Perché il vorticoso Van Gogh

Mi tormenta con un punto oscuro?

Com’è giallo il suo autoritratto!

Bendato l’orecchio ferito,

Con una giubba verde, come una vecchia,

Perché mi segue con lo sguardo?

Perché nel suo caffè a mezzanotte

C’è quel cameriere con la faccia di vizioso?

Brilla un biliardo senza giocatori?

Perché una pesante sedia è messa

Lì per avvelenare la tranquillità,

E aspetti le lacrime o un suono di scarpe?

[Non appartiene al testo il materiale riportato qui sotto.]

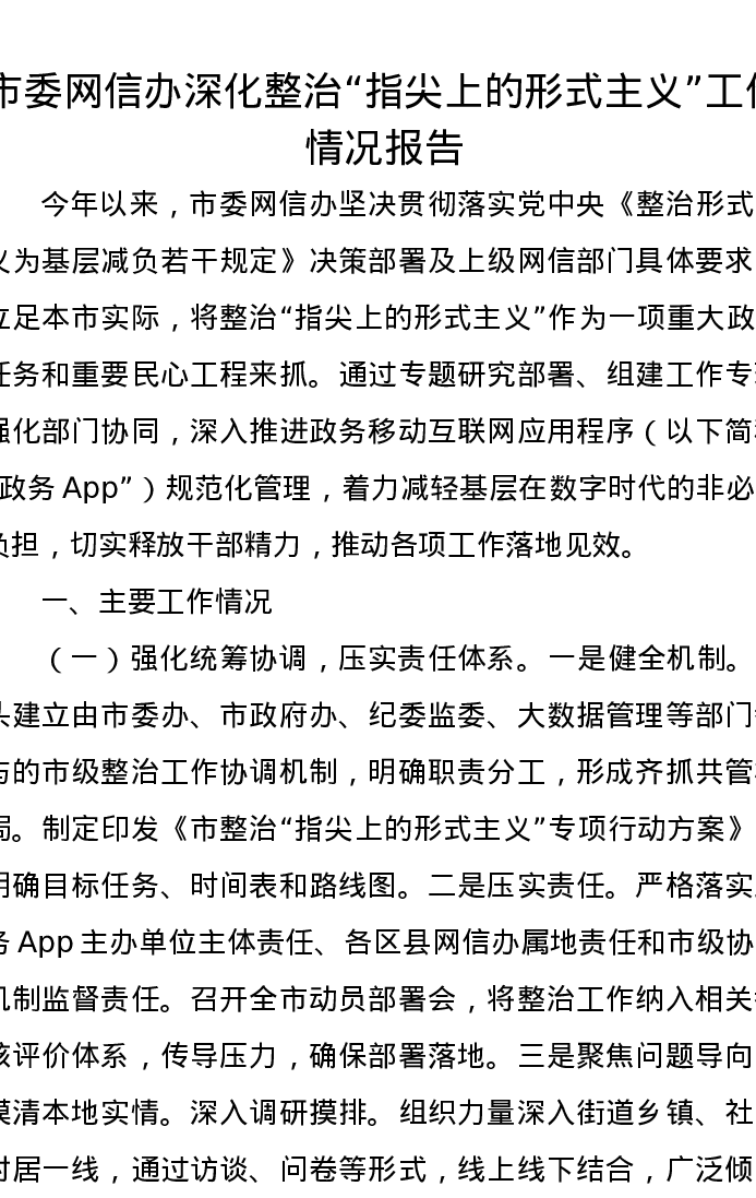 市委网信办深化整治“指尖上的形式主义”工作情况报告

Perché egli soffia col vento sulla corona?

Perchè dipinge il dottore

Con un assurdo rametto in mano?

In quel suo paesaggio sghembo

Dove va quel carretto leggero

Senza passeggero e senza bagaglio?

 

Ciò che noi chiamiamo anima…

 

Ciò che noi chiamiamo anima,

Che, come nuvola, è di  aria

E splende nell’oscurità notturna

Capricciosa, indocile

O a un tratto, come aeroplano,

Più sottile di una spillo pungente,

Corregge dall’alto

La nostra vita, migliorandola;

 

Ciò che al pari di un uccello

Balena nell’aria azzurra,

Che non brucia nel fuoco,

Che sotto la pioggia non si bagna,

Senza cui non si può respirare,

Né scusare uno sciocco nell’offesa;

Ciò che dovremmo restituire,

Morendo, in un aspetto migliore, –

 

Ed è forse anche ciò

Per cui non dispiace sforzarsi,

Che ci fa anche onore,

A ben considerare.

Veramente è buona,

Di una moda assai vecchia,

Nuvoletta, rondine, anima!

Io sono legato, tu sei libera.

 

Ecco io sto nell’ombra notturna…

 

Ecco io sto nell’ombra notturna

Solo nel giardino deserto.

Ora cigolerà una porta in paradiso,

Ora sbatterà una porta nell’inferno.

 

E a sinistra una musica risuona

E una voce armoniosa canta.

E a destra qualcuno grida e grida

E maledice questa vita.

 

Dalla mattina girando per la stanza…

 

Dalla mattina girando per la stanza,

Con che premura l’anima

Si prepara l’afflizione!

(Così la rondine fa il nido.)

Niente la distoglie

Né dietro la finestra, né nella conversazione.

 

Invano il giorno è splendido e sereno, –

Non l’attira un foglio viscoso,

Né il tavolo, né la pagina di un libro.

Quale mediocre esperto di persone

Ha detto che la felicità le serve?

Soltanto con l’afflizione ci si può elevare.

 

Come il san Sebastiano del Bellini nel giardino…

 

Come il san Sebastiano del Bellini nel giardino

Con una freccia nel petto e nell’anca passeggia

E non prova dolore, e il cespuglio in fiore

Fruscia di amore celestiale e di bontà,

Così anche tu vorresti lasciar fuori dalla bara

Non proprio i tormenti, ma i simboli di essi.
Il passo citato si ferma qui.